Asters and sneezeweed
Asters and sneezeweed or Helen’s Flower are other examples of plants that may have such topheavy growth when they’re in flower, especially if they have an unbranched stem, that unless you manage them properly, they may flop during the season and open up in the center as well. Plants that have been in place too long may actually exhaust their environment and they flop along the edges because the center is completely died out. Siberian iris is one example, sedums will do the same thing. So what exactly do we do about these plants that want to flop or lodge, whether it is genetics, environmental, or age? We have some options available to us, the first of those is to look at the environment and make sure that you have selected a plant for its growing conditions, or modify those conditions.
Stop watering
Stop watering if it’s a plant that really doesn’t want water. If the landscape has changed over time and you have too much shade for plants that are going to flop in shade, move the plants, prune the tree if you need to do that. If the plant is old, go ahead and divide, dig and divide at the proper time, making sure that you take good pieces of the old plant, again, put those into the right environment. You can also pinch or cut back by a third for certain plants. Sedum is one of those that if you cut it back by about a third during the early part of the summer, it will actually stay shorter, bloom a little bit closer down into the crown of the plant and won’t get those topheavy floppy stems.

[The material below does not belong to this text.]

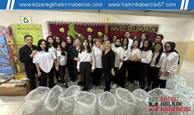DÜZCE (İHA) – Düzce Yavuz Selim Mesleki Teknik ve Anadolu Lisesi Müdür Yardımcısı Filiz Mutlu, sıfır atık projesi çerçevesinde kendi odasında toplamaya başladığı pet şişe ve kapakları toplamaya başladı. Odası pet şişeler ile dolan Mutlu'nun projesi okula yayılınca 1 haftada 10 çuval pet şişe toplandı.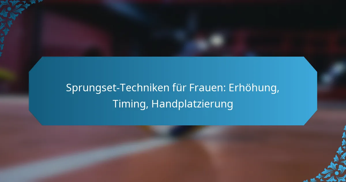 Die Techniken des Sprungsetzens für Frauen im Volleyball sind entscheidend für die Ausführung effektiver Offensivspielzüge und basieren auf einer Kombination aus Höhe, Timing und Handplatzierung. Das Beherrschen dieser Fähigkeiten verbessert nicht nur die Leistung, sondern berücksichtigt auch die einzigartigen physiologischen Merkmale weiblicher Athleten, was zu einer verbesserten Genauigkeit und Kraft bei den Sets führt.

One of the main things to understand however is there are certain perennials that if you do cut them back like that they’re not going to branch and bloom. And of course the other option is to go ahead and cage. And the beauty of caging, if you do it early in the season, and again, if those environmental conditions are correct, is that the cage sits, the plant grows through it, everything really looks the way you want it to look, and you haven’t had to deal with cutting or moving those plants.
Understand your plants
Garden chores like this might not be a whole lot of fun but they really can mean the difference between healthier vibrant plants during the growing season or plants that die out altogether. Try to understand what those plants need, where they’re growing, and whether they’re going to need help standing tall in the cold.